For 1000, troll shoponkyo.com under systems for the 9100. Eventually one will pop up for under $1000 (Usually 999 -10% w/ Free shipping).

Actually, unless you watch a lot of Blu-ray movies, your current receiver should get you by for a while. Consider starting with a new sub from SVS ($600) and spend the last $400 on 3 new speakers (3 identical speakers is my preference) for front and center (Look for JBL Studio Series refurbs on ebay from the Harmon Kardon Dealer, or buy new from AV123, Aperion, Paradigm, or SVS. When you have more money, upgrade you receiver to an Onkyo 606, and you'll have a very decent 7.1 setup.

Then eventualy, you'll want to move your fronts to rears and buy even better fronts, then a 2nd sub, then a new TV/Projector...and on and on until you die


----------



## Guest (Dec 18, 2008)

THNAKS ALOT!! I do watch blue rays alot. I will find some better speakears to go with the seaker or just get a new reciver.


----------



## salvasol (Oct 31, 2006)

Broadstbully22 said:


> I currently have a Sony home Theatre system (HT-7000DH). I Have a Samsung (LN-T4065F) LCD 1080p. I Dont know that much so Im I wan you guys input On what i should go with before I get had by some guy at best buy or some other store.

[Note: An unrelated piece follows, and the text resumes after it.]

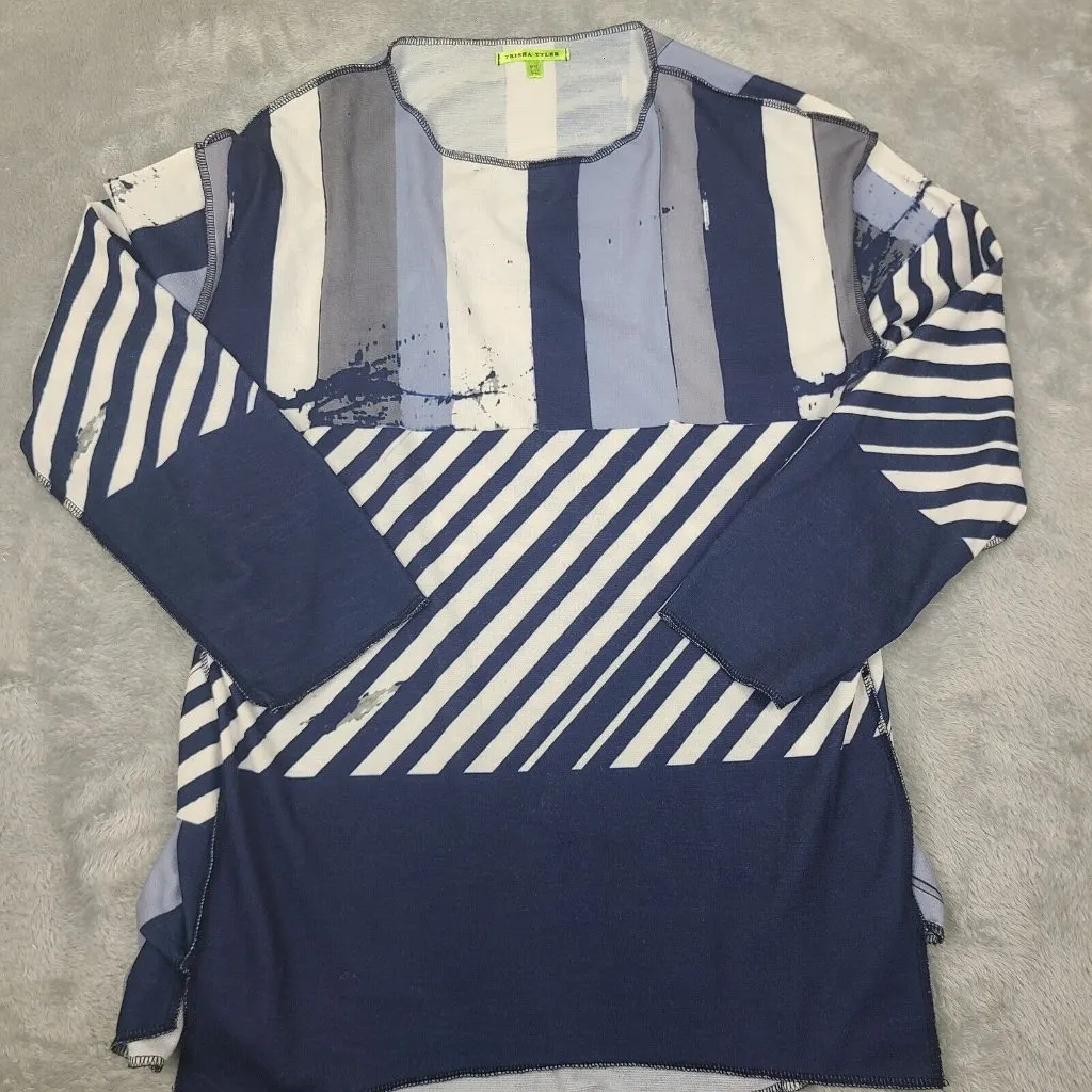 Elevate your casual wardrobe with this beautiful Art to Wear blouse by Trisha Tyler. The abstract blue and white floral pattern adds a touch of boho chic to any outfit. The long sleeves and lightweight fabric make it perfect for cooler weather, while the pullover closure ensures a comfortable fit. This blouse is a must-have for any fashion-forward woman. The petite medium size fits true to size, and the regular fit is flattering on any body type. Whether you're dressing it up or down, this blouse is sure to make a statement. Add it to your wardrobe today! Trisha Tyler Abstract Blue White Art to Wear Casual Boho Blouse Petite Medium

My price range Is max 1000$


I'm sure you want to change your AVR, speakers and sub, Right???

Like Marshall said, you can start with the Onkyo system, or if you want to piece it together ...you can start with this  SVS speaker system , it comes with five speakers and a sub that will blow away your Sony HTIB, then you can look for an AVR that can decode HD audio, Onkyo is the best bang for your buck ...you can look for the 606 that is the entry level AVR.


----------